We compare our approach with two types of methods: general image super-resolution methods and face hallucination approaches. For general image SR methods, we compare with SRCNN [7] and VDSR [8]. For face hallucination methods, we choose GLN [9] and BCCNN [10] as the contrast methods. Then we use the widely used PSNR (peak signal to noise ratio), SSIM (structural similarity) and FSIM (feature similarity) [16] to evaluate the reconstructed face.

4.4 Results

We use test sets to generate several types of LR surfaces with different noise level. Figure 4 shows the performance of our model and comparisons with other methods. It has been observed that Zhou’s BCCNN [10] cannot eliminate noise. The final result of BCCNN is partly from the input noise face image, so the network does not converge well to obtain better results. Tuzel’s GLN [9], like BCCNN, introduced the structural information of the face. However, in the noisy environment, the prior structural information of the face is not stable enough to converge well to obtain satisfactory results. Dong’s SRCNN [7] also cannot remove the noise because there are only 3 convolutional layers and the parameters of the network are too small to produce satisfactory results. Kim’s VDSR [8] makes the face clean and has more facial detail compare with SRCNN. However, this method uses the same regression function for all regions, resulting in poor reconstruction of some facial regions. Obviously, our method produces better results which not only removes the noise but preserves more face features information.
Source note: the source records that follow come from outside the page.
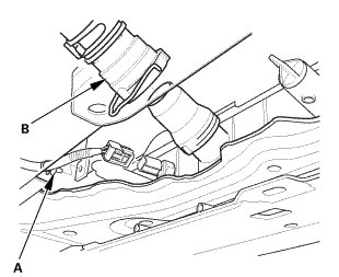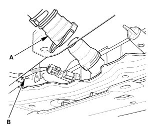 8. Connect the lower radiator hose (B).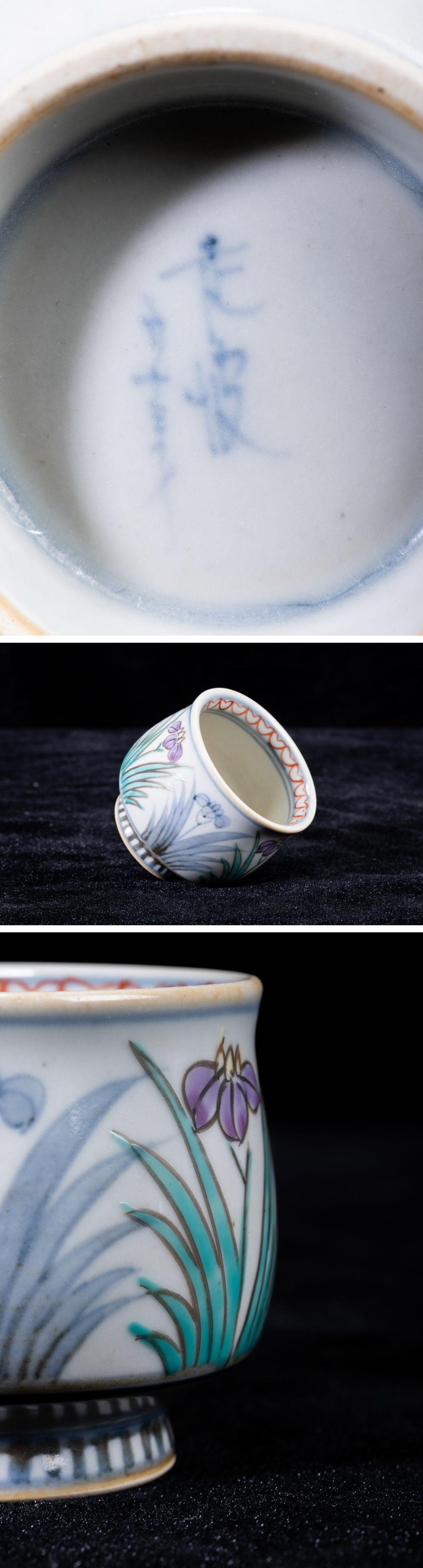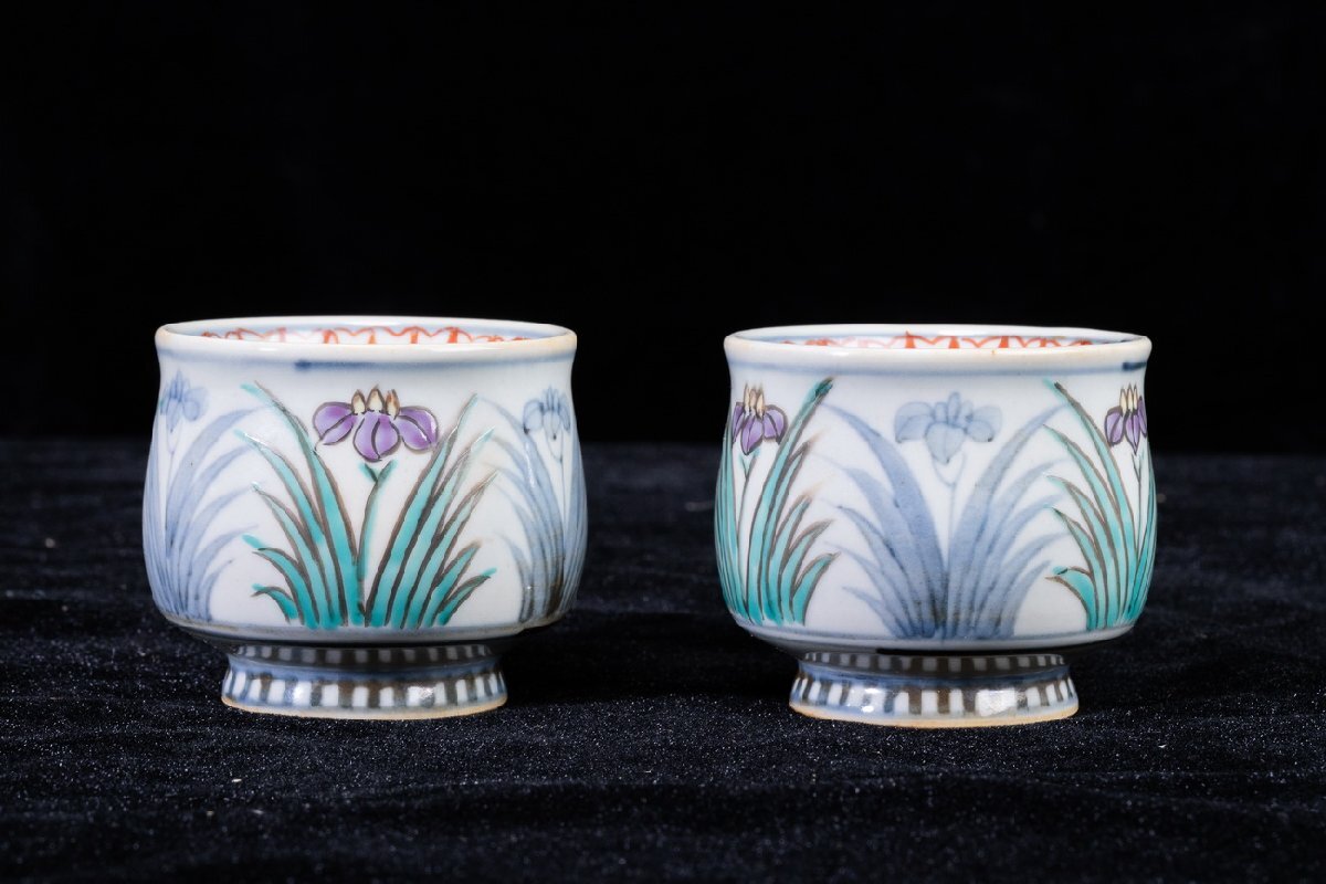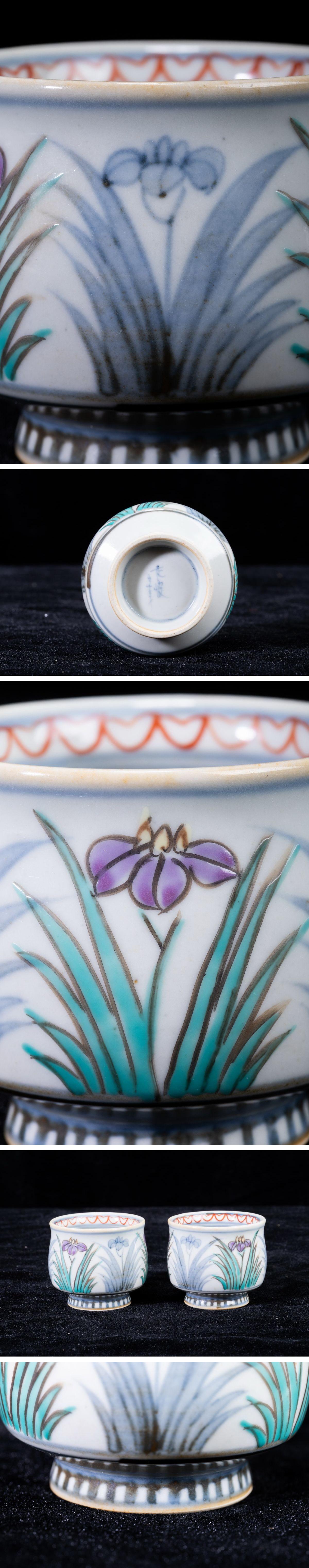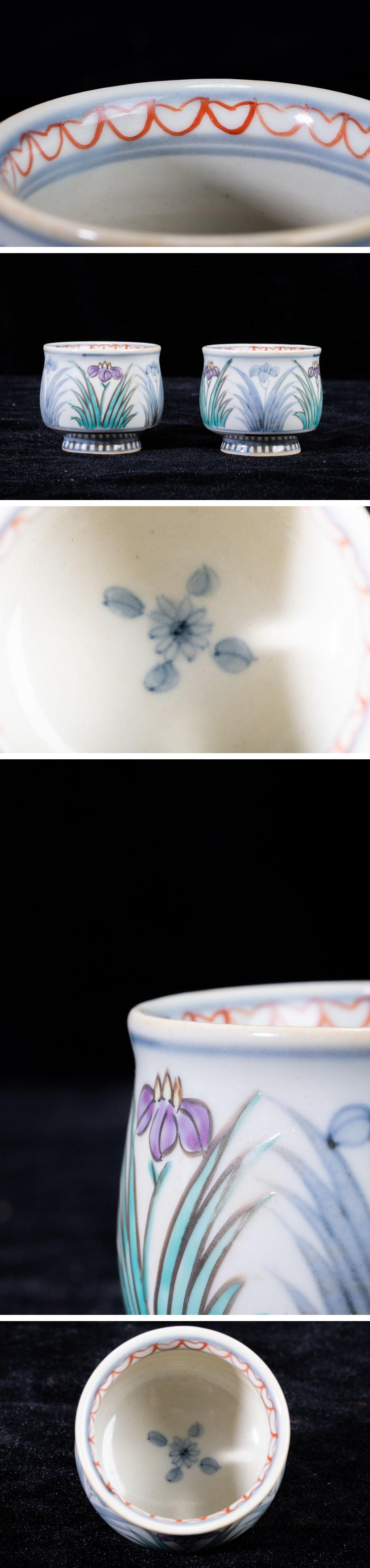 - 【珍品堂】1円から N66-V2 有田焼 佐藤走波 六十歳 在銘 花草文 染錦 名工 湯呑み 2客 高6㎝ 茶器 茶道具 煎茶道具 時代物 骨董品 古美術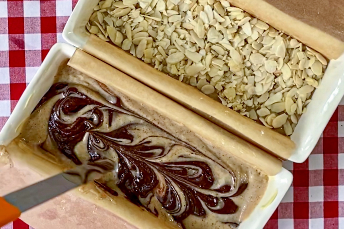 לדבש שקדים: ניקח את צמד התבניות המשומנות שלנו, חצי מכמות הבלילה ניצוק לתבנית אחת. הבלילה דלילה וככה היא צריכה להיות. נכסה את פני העוגה ב100 גר’ שקדים פרוסים מולבנים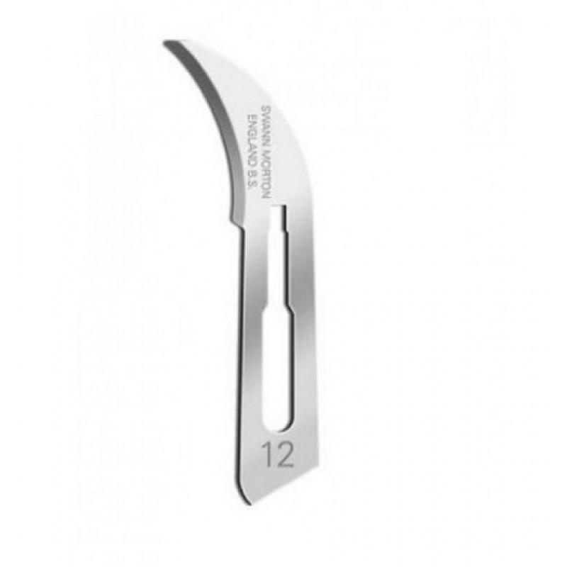 Лезвие для скальпеля №12, произведенное английской компанией Swann-Morton, представляет собой небольшое, заостренное, полумесяцеобразное лезвие, затачиваемое по внутреннему краю кривизны. Это универсальное лезвие находит применение в различных медицинских процедурах и хирургических вмешательствах.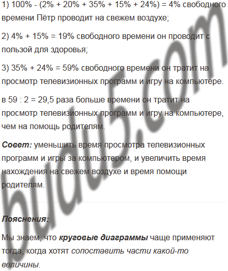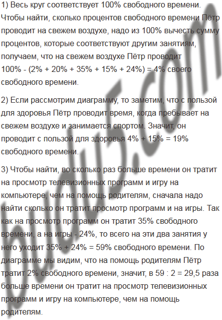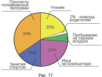 На круговой диаграмме (рис. 77) приведено распределение использования учеником 6 класса Петром Ивановым свободного от учёбы времени. Установите: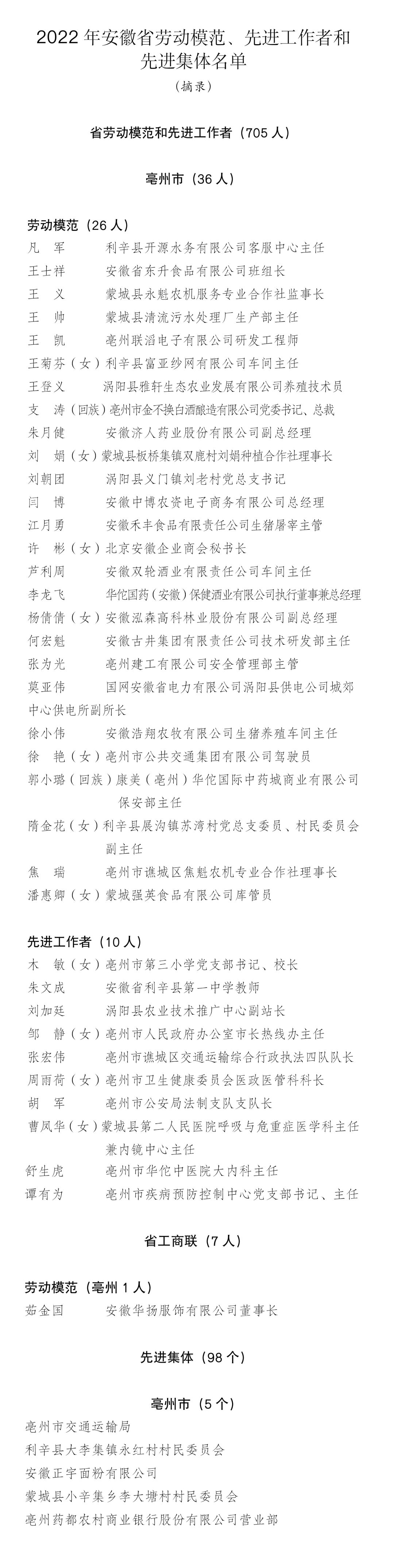 安徽省勞動(dòng)模范、先進(jìn)工作者和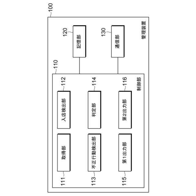 また、店舗に入店する顧客を検出するための第2の検出部と、予め定められた種別の不正行動の履歴を有する顧客が前記第2の検出部により検出された場合に、顧客が検出されたタイミングで、前記店舗側端末に、当該履歴を有する顧客が検出されたことを示す第2のアラートを出力する第2の出力部とをさらに備えることを特徴としてもよい。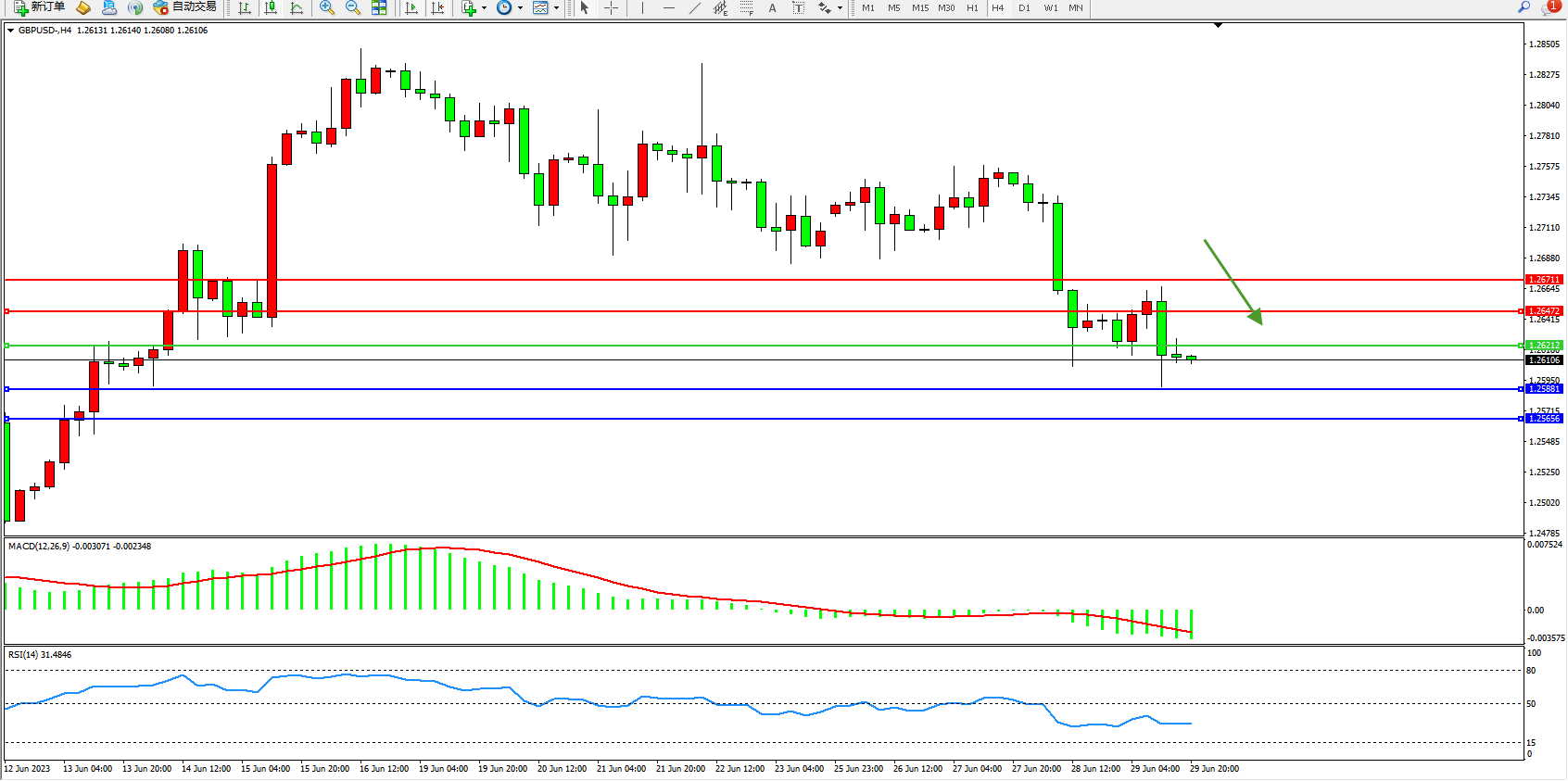 交易策略:1.26212下方看跌,目标1.25881  1.25656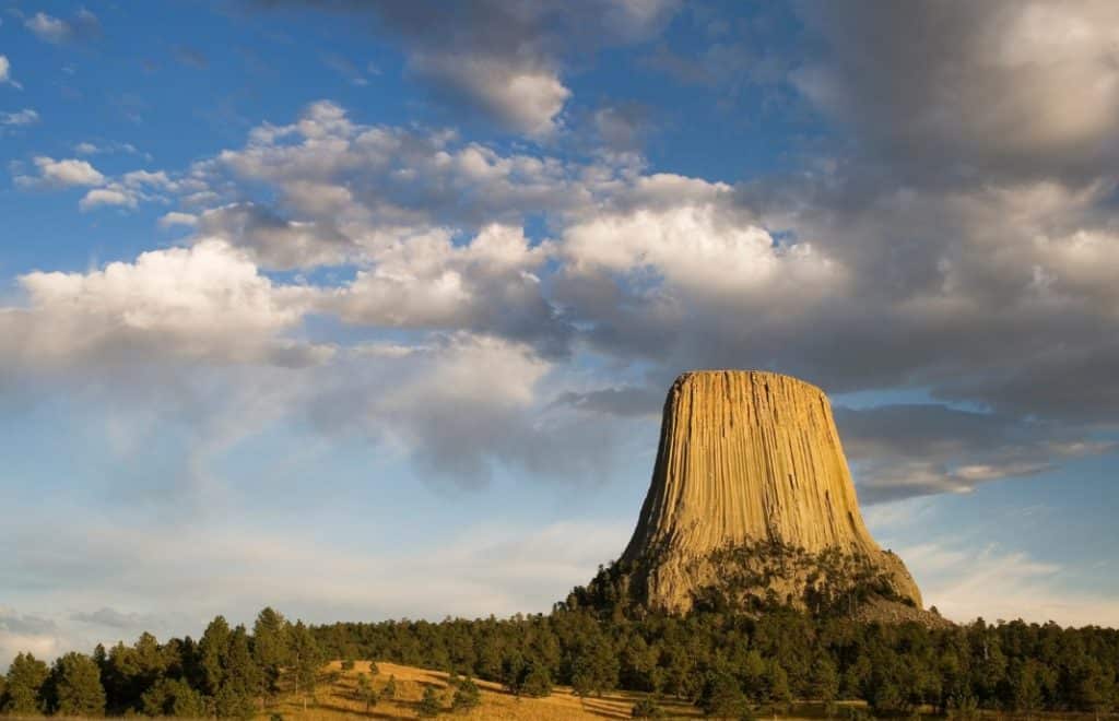 Devils Tower, eller «Djevelens tårn», er et mystisk utseende fjell. Det rager 264 meter opp over det bølgende prærielandskapet, er flatt på toppen og har nesten loddrette klippevegger. Ved foten ligger noen kjempestore klippeblokker hulter til bulter, som falne søyler fra et tempel.

Table 1 shows the results of comparing our model with other state-of-the-art methods at different noise level. In terms of PSNR, SSIM and FSIM indicators, our model is much better than all comparison methods.

5 Conclusion

In this paper, we present a novel face hallucination framework which uses adaptive aggregation network to guide noise face hallucination. Our network contains two branches: aggregation branch and generator branch. Specifically, our aggregation branch can explore mapping relationships from LR to HR images in different regions, and aggregate the regions by the similarity of the mapping. Then generator branch can be used to make a specific face hallucination of the selected regions to get a better reconstruction result. The experimental results show that our model achieves state-of-the-art performance in noise face hallucination.